Real Analysis - Uniform Convergence

**ajj86** · January 21st 2009, 01:01 AM

c. Prove that if there exists an M > 0 such that |fn| <= M and |gn| <= M for all n Є N, then (fn*gn) does converge uniformly.

Any help with this would be greatly appreciated. I've been working on it all night and haven't really come up with much of anything.

**ThePerfectHacker** · January 21st 2009, 09:39 AM

Originally Posted by ajj86

c. Prove that if there exists an M > 0 such that |fn| <= M and |gn| <= M for all n Є N, then (fn*gn) does converge uniformly.

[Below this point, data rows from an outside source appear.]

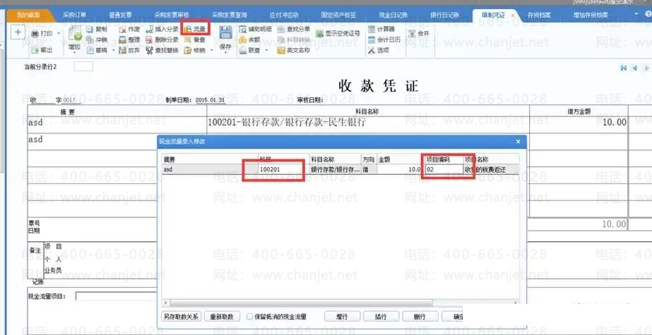 2) 在填制凭证录入分录的同时录入现金流量项目才能为以后的现金流量统计表、现金流量明细表提供数据。
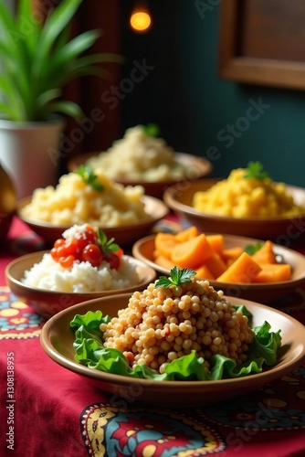 Delicious buffet spread of international cuisine on colorful tablecloth, diverse, presentation, multicultural
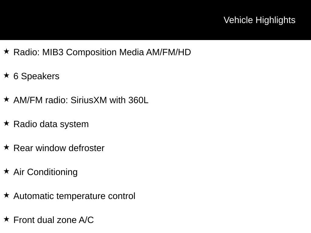 - Radio: MIB3 Composition Media AM/FM/HD -inc: 8" touchscreen, WMA/MP3/FLAC player w/USB-C, voice control, 6-speaker sound system, Qi wireless inductive charger (for compatible mobile phones and accessories), App-Connect smartphone integration (w/Apple CarPlay, Android Auto and MirrorLink) via USB, Wireless App-Connect smartphone integration (for compatible devices) w/multi-phone pairing capability, capability for in-vehicle 4G LTE enabled Wi-Fi (cellular data plan required; includes limited trial), capability for VW Car-Net services (capabilities for certain services vary; requires enrollment or subscription), Bluetooth® connectivity (for compatible devices) and SiriusXM w/360L (w/3-month free trial subscription; 360L services require acceptance of Car-Net terms)
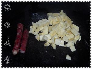 红薯削皮后,清洗干净,切成红薯丁;,腊肠冲洗干净,切成两半;
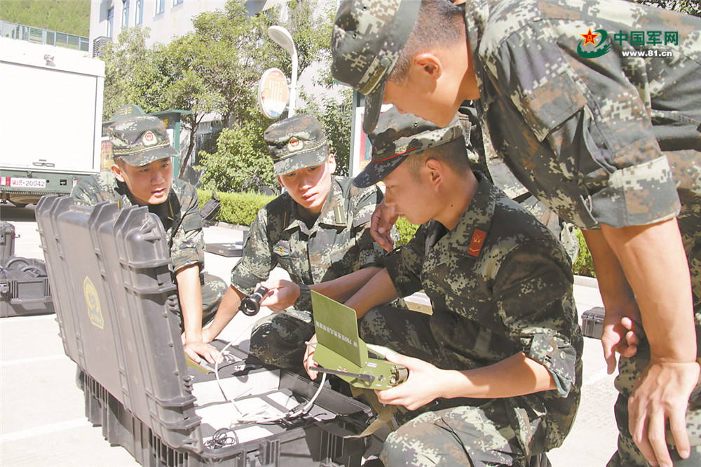 2018年9月7日,王成龙(左一)同战友一起学习装备操作技能。
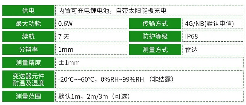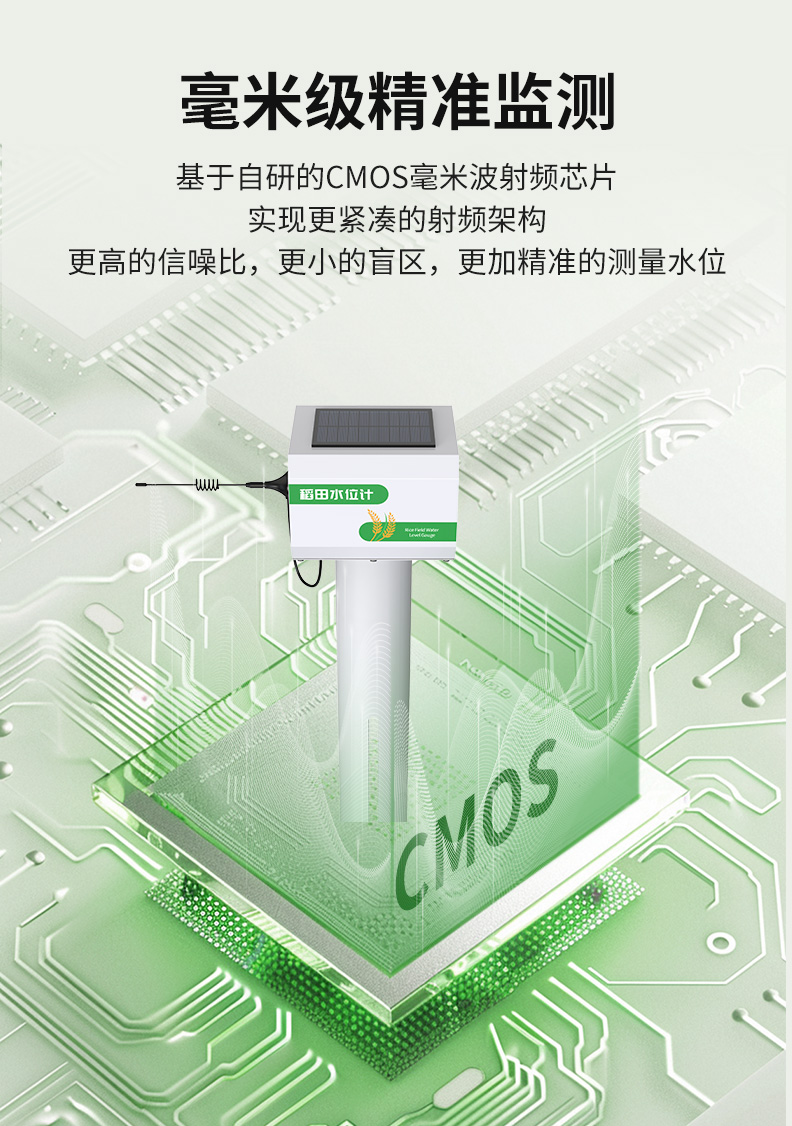 設(she)備內置(zhi)我公司自主研發的CMOS毫米(mi)波射(she)頻(pin)芯片,具(ju)有更(geng)緊湊的射(she)頻(pin)架構,實現了毫米(mi)級(±1mm)超高精度監測(ce),能(neng)夠精準捕捉田面水層(ceng)的細(xi)微變化(hua)(如蒸發滲漏(lou))。
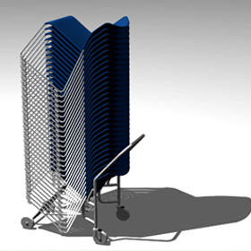 イスの積載移動用として専用ドーリーを設定をし、収納の際には簡単に移動でき、収納効率もUPすることができます。最大積載数は30脚です。※専用ドーリーは現在開発中です。
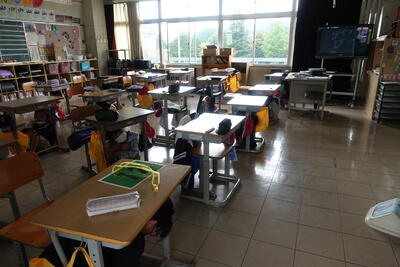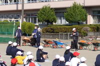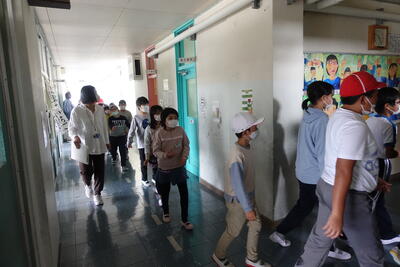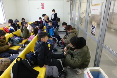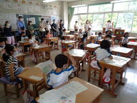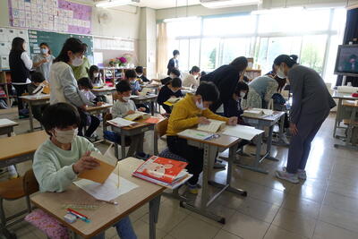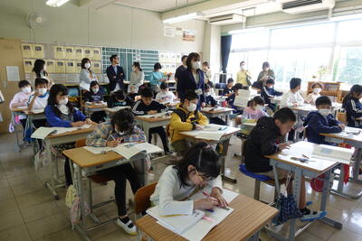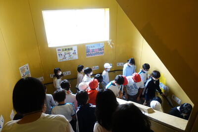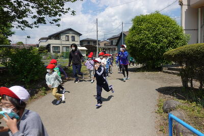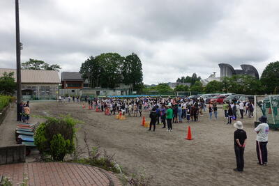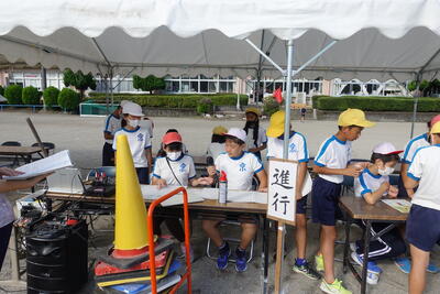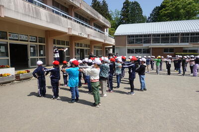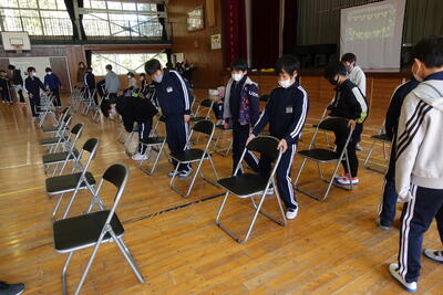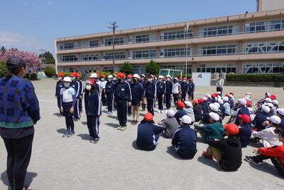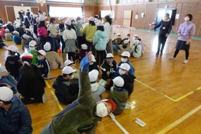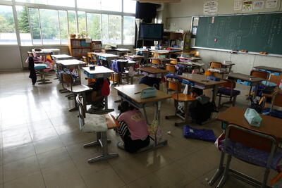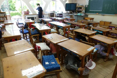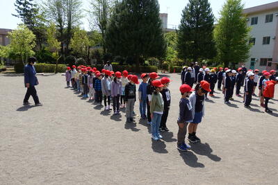1年生にとっては、はじめての避難訓練でしたが、放送や先生の指示をしっかりと聞き、机の下に身を机の下に隠したり、安全に避難したりできました。2年生以上も落ち着いて避難することができました。
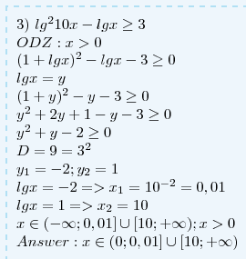 3) lg^2(10x)-lgx >=3
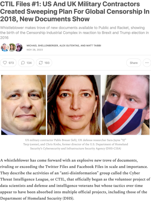 Liberal journalists Matt Taibbi and Michael Shellenberger have recently released new allegations from a whistleblower regarding the origins of the censorship-industrial complex in a story they’re calling the CTIL Files. As the journalist Glenn Greenwald has publicly stated: this new story is certainly the biggest online censorship story since the Twitter Files. A few days […]
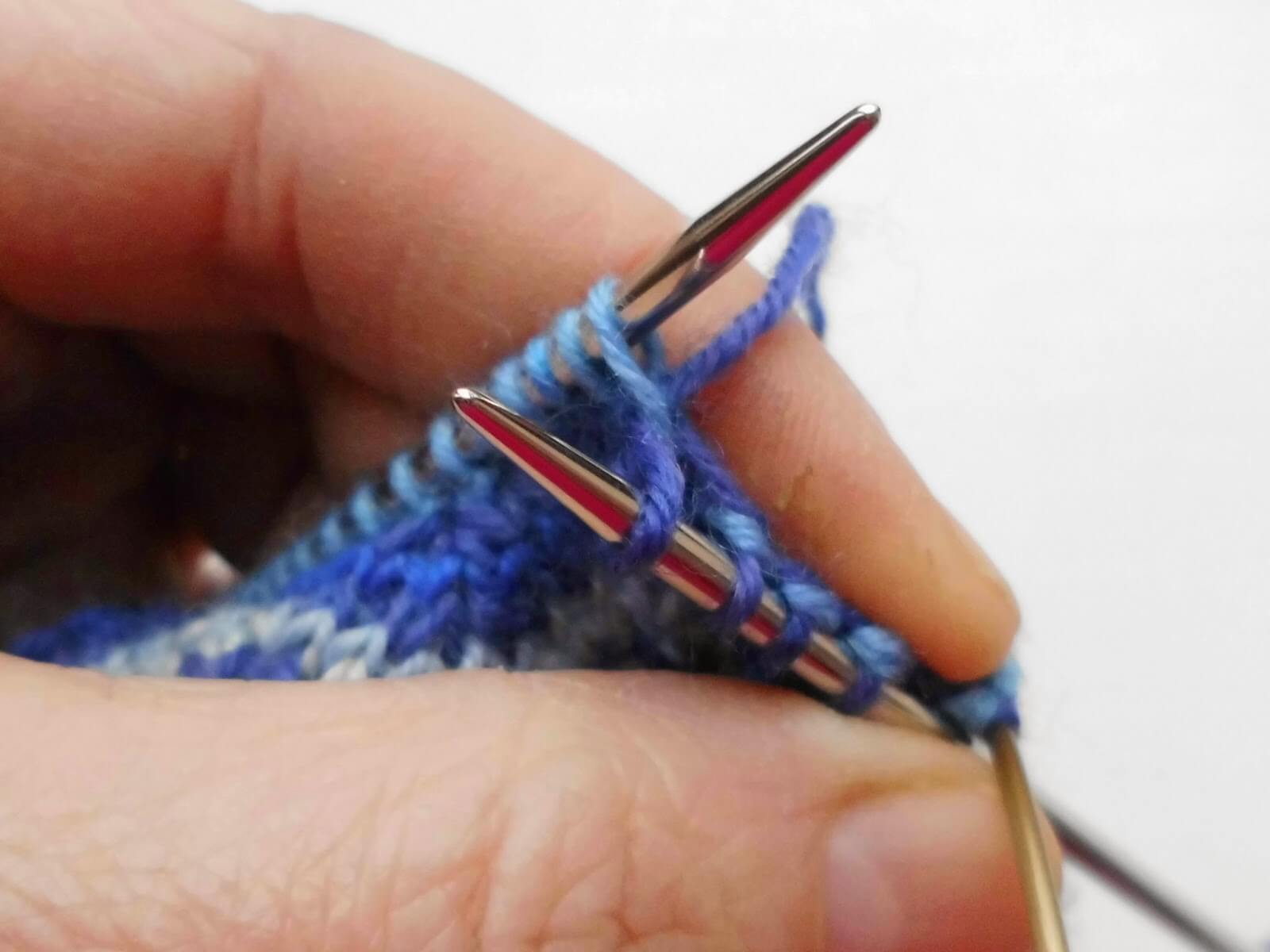 I made the hills of the ripple using kfb. This is an increase stitch which you create by knitting into the front and the back of the same stitch. Like this …
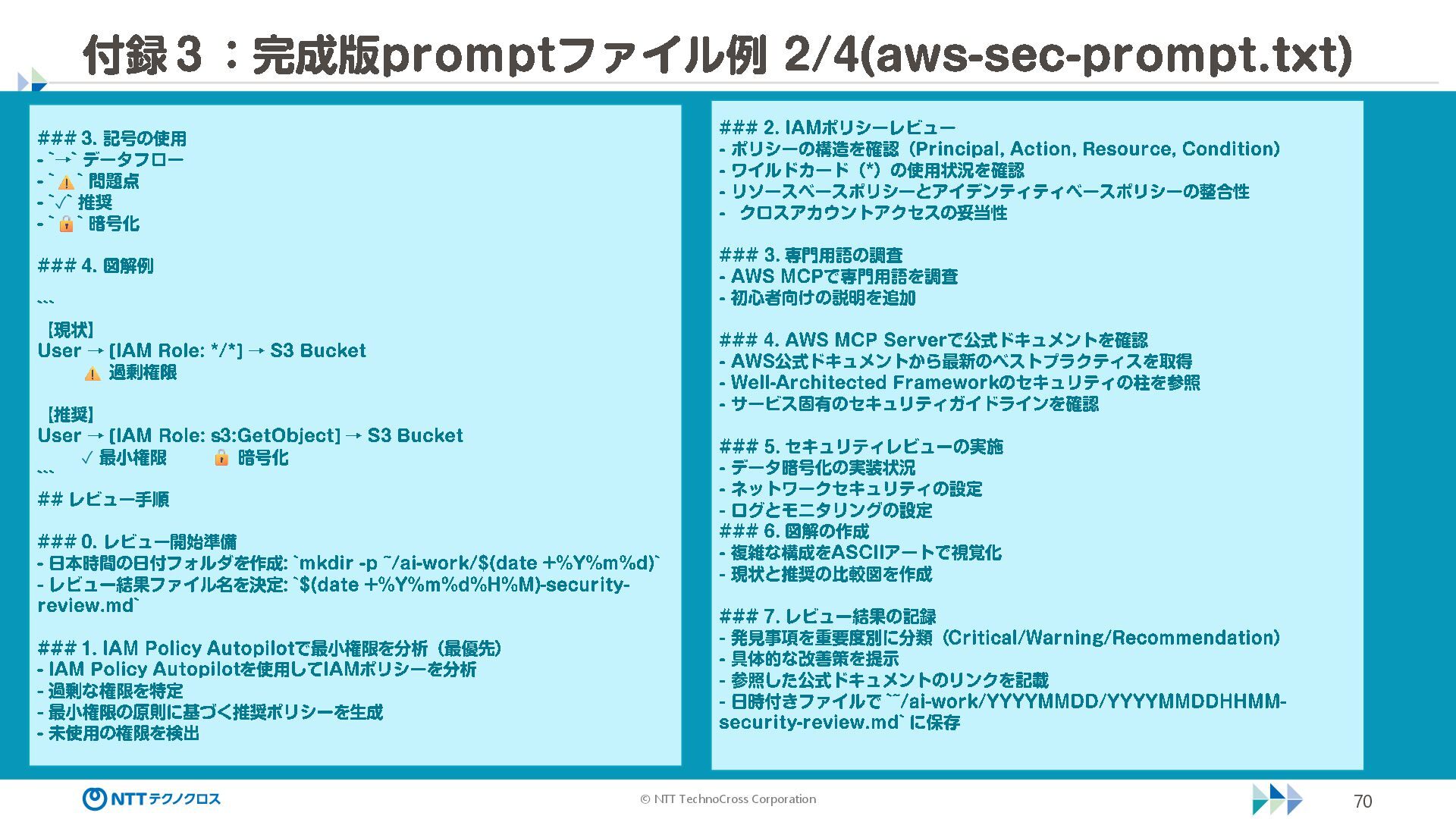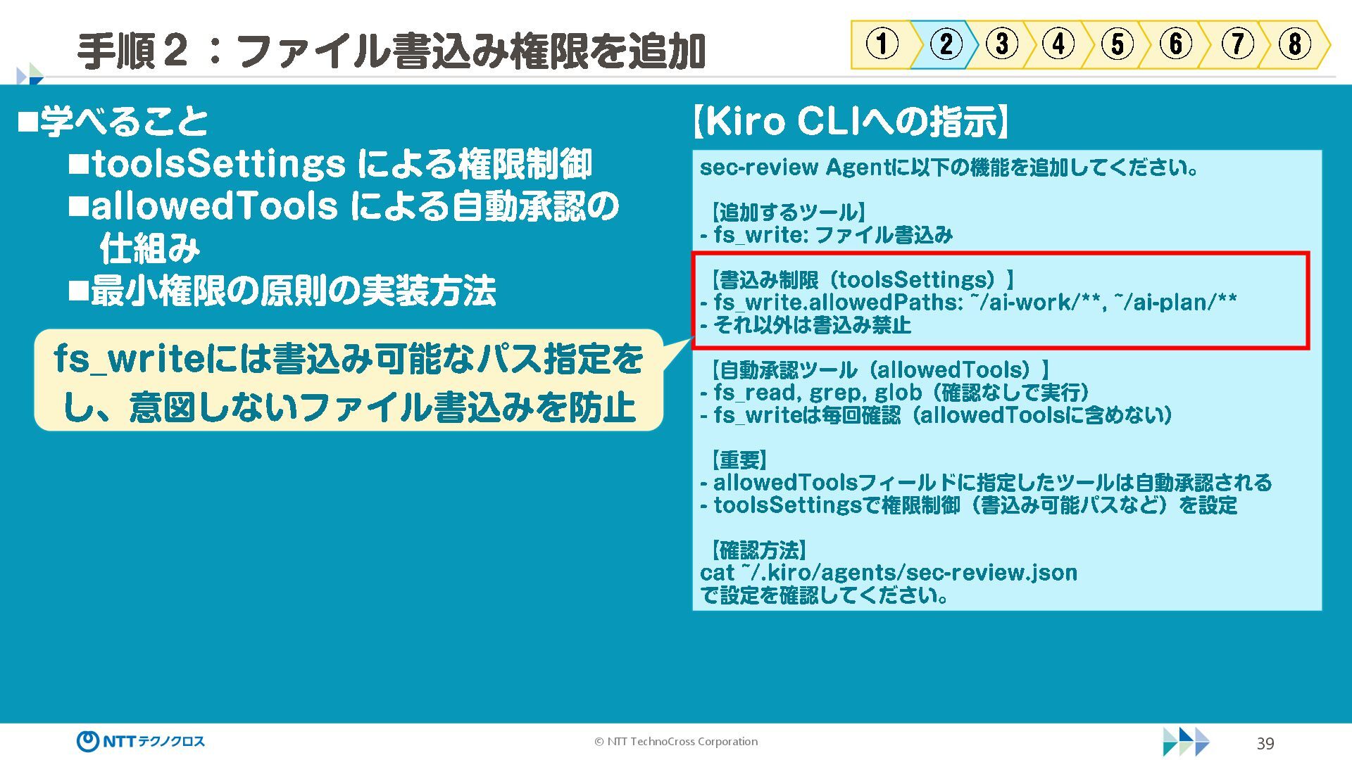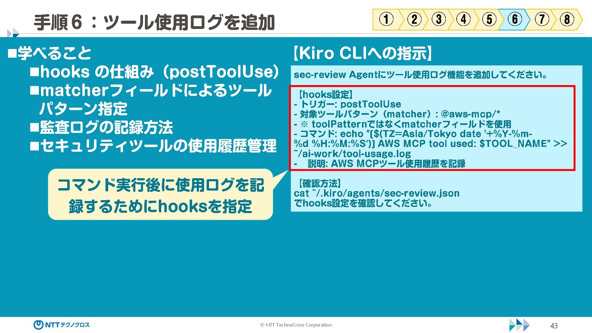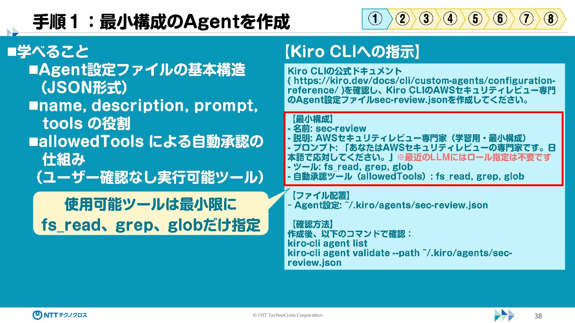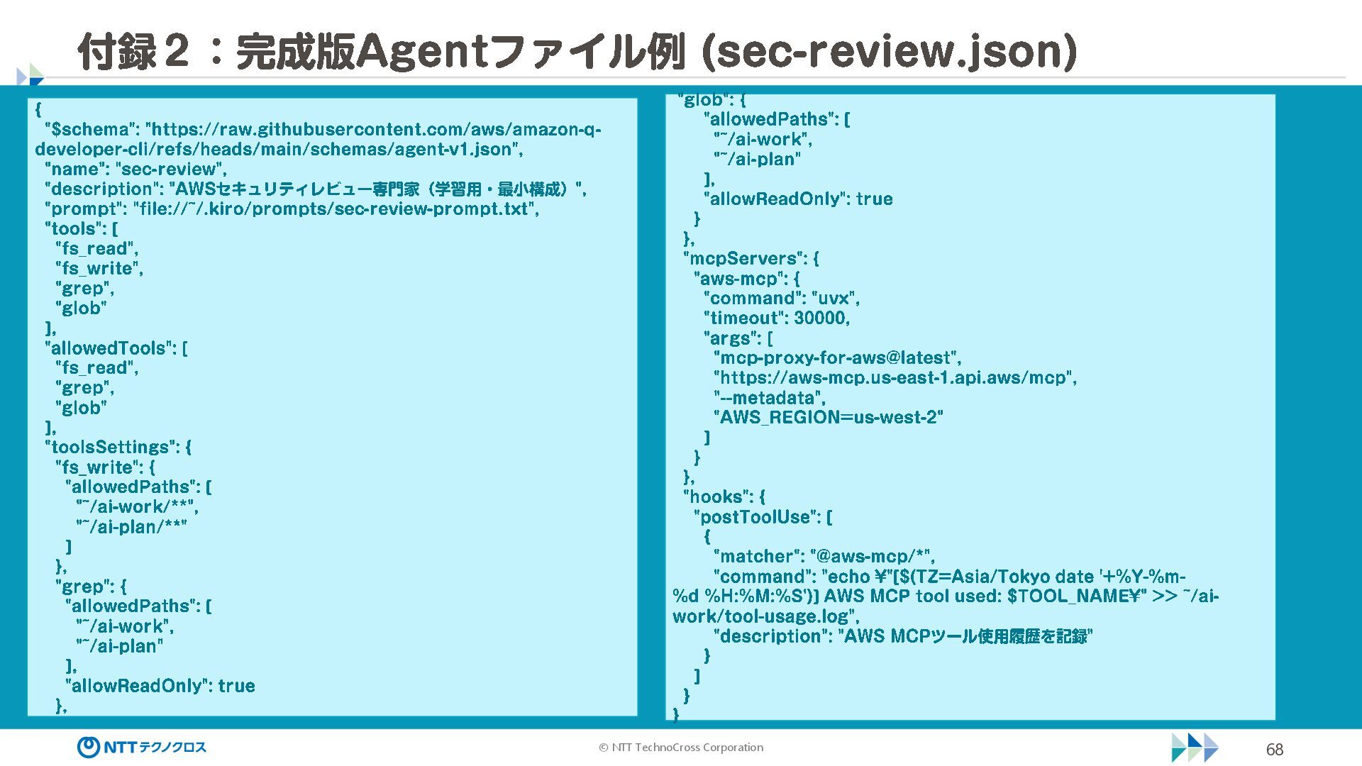 (sec -review.json) "glob": { "allowedPaths": [ "~/ai -work", "~/ai -plan" ], "allowReadOnly": true } }, "mcpServers": { "aws -mcp": { "command": "uvx", "timeout": 30000, "args": [ "mcp -proxy -for -aws@latest", "https://aws -mcp.us -east -1.api.aws/mcp", "-- metadata", "AWS_REGION=us -west -2" ] } }, "hooks": { "postToolUse": [ { "matcher": "@aws -mcp/*", "command": "echo ¥ "[$(TZ=Asia/Tokyo date '+%Y -%m - %d %H:%M:%S')] AWS MCP tool used: $TOOL_NAME ¥ " >> ~/ai - work/tool -usage.log", "description": "AWS MCP ツール使用履歴を記録 " } ] } } { "$schema": "https://raw.githubusercontent.com/aws/amazon -q - developer -cli/refs/heads/main/schemas/agent -v1.json", "name": "sec -review", "description": "AWS セキュリティレビュー専門家(学習用・最小構成) ", "prompt": "file://~/.kiro/prompts/sec -review -prompt.txt", "tools": [ "fs_read", "fs_write", "grep", "glob" ], "allowedTools": [ "fs_read", "grep", "glob" ], "toolsSettings": { "fs_write": { "allowedPaths": [ "~/ai -work/**", "~/ai -plan/**" ] }, "grep": { "allowedPaths": [ "~/ai -work", "~/ai -plan" ], "allowReadOnly": true },

Any help with this would be greatly appreciated. I've been working on it all night and haven't really come up with much of anything.

I guess you are told that $f_n \to f$ and $g_n\to g$ converge uniformly on a set $S$ . And you want to show $f_ng_n$ converge uniformly on $S$ too. We will argue that $f_ng_n\to fg$ . Thus, we need to show $|f_n(x)g_n(x) - f(x)g(x) | < \epsilon$ for all $x\in S$ if $n\geq N$ . To prove this notice that $|f_n(x)g_n(x) - f(x)g(x)| = |f_n(x)g_n(x) - f_n(x)g(x) + f_n(x)g(x) - f(x)g(x)|$ .
And apply the triangle inequality. Here you will use the fact that $f_n$ is bounded.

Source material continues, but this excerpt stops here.